Jimmy Shu is spending the first day of his working week watching his $1,000 restaurant door get fixed after it was broken into for the eighth time in as many months.
- Jimmy Shu is calling for a roundtable with government and small business owners on ways to reduce crime
- He suggests consultation sessions between victims and offenders
- During the weekend, 13 break-ins occurred across the Territory
He was woken at 3:04am by his security system, a recent investment after being dissuaded from camping at his Darwin restaurant Hanuman with a machete.
But the added protection failed to deter offenders, leaving him with a smashed front door and down six bottles of grog.
The incident was one of 13 break-ins reported this weekend in Darwin, Alice Springs and Tennant Creek.
Mr Shu is now calling for a round table discussion between government and small business owners to brainstorm how to reduce the onslaught.
“Ask me how do I feel, what else can I say? Hopeless. Speechless. Looking for solutions,” Mr Shu said.
“[It’s] very, very depressing. Very emotional. We are just human beings. How much more can we handle it?”
“I would love the Government to get hold of business people like ourselves and have a roundtable chat. And listen to the solutions. Some good people have some good ideas.
“I think [the Government] are trying their very best but I think they need to look for solutions more than anything else and take action.”
‘How can we stop you from doing it?’
Despite his frustration, Mr Shu suggested he could try and reach out to the culprits and speak to them about their behaviour.
“I do have a kind side on my part and that is to try to reach out to these people,” he said.

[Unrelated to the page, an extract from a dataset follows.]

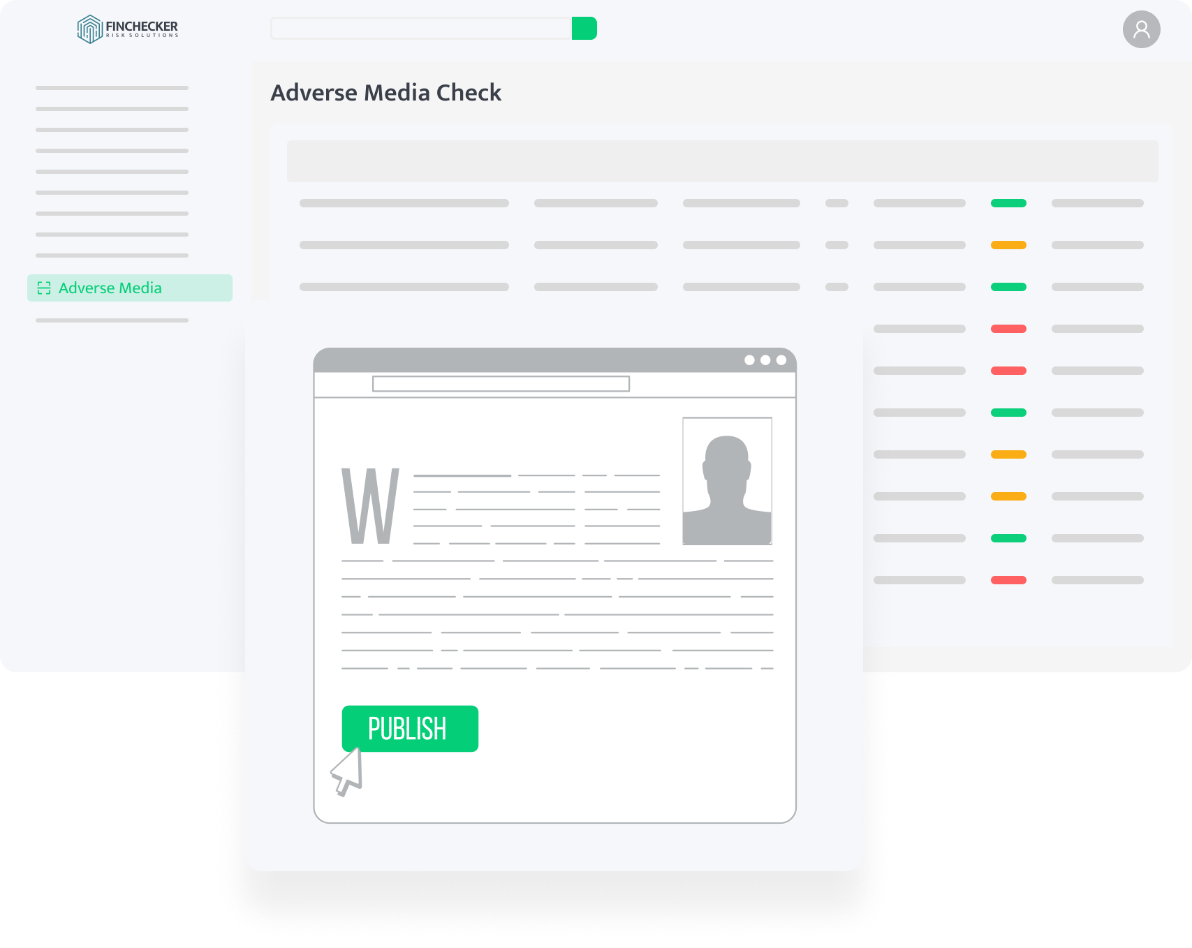 Finchecker Adverse Media Screening - a custom solution designed to safeguard your business from interactions with dubious entities or individuals that could lead to reputational, financial, or legal harm. Employ our inclusive-of-features platform to remain compliant, reputationally protected, and operationally efficient.

“Give them a meal. Give them something to drink, I mean of course it’s not going to be alcohol.
“And try and talk to them and ask: ‘How can we stop you from doing it?'”
The idea echoed one of the suggested reforms in the NT Government’s new Victims of Crime discussion paper — to introduce victim-offender conferencing for adult offenders in the Territory.
The Territory Government will hold its first information session in Darwin today about the new paper, which aims to improve the Northern Territory’s financial assistance scheme to better support victims of violent crimes.
Following the spate of weekend crime, Chief Minister Michael Gunner today defended his government’s approach.
“We have some of the toughest laws if not the toughest laws in the country,” he said.
“No law has been weakened under our watch, we have and continue to have the toughest laws in the country.
In the past Mr Shu has said the continuous crime would soon force him to leave town.
But as he was still looking for “his piece of heaven”, and was attached to his staff and “amazing, loyal clientele who are more like friends”, he said he was more focused on finding solutions rather than announcing his departure just yet.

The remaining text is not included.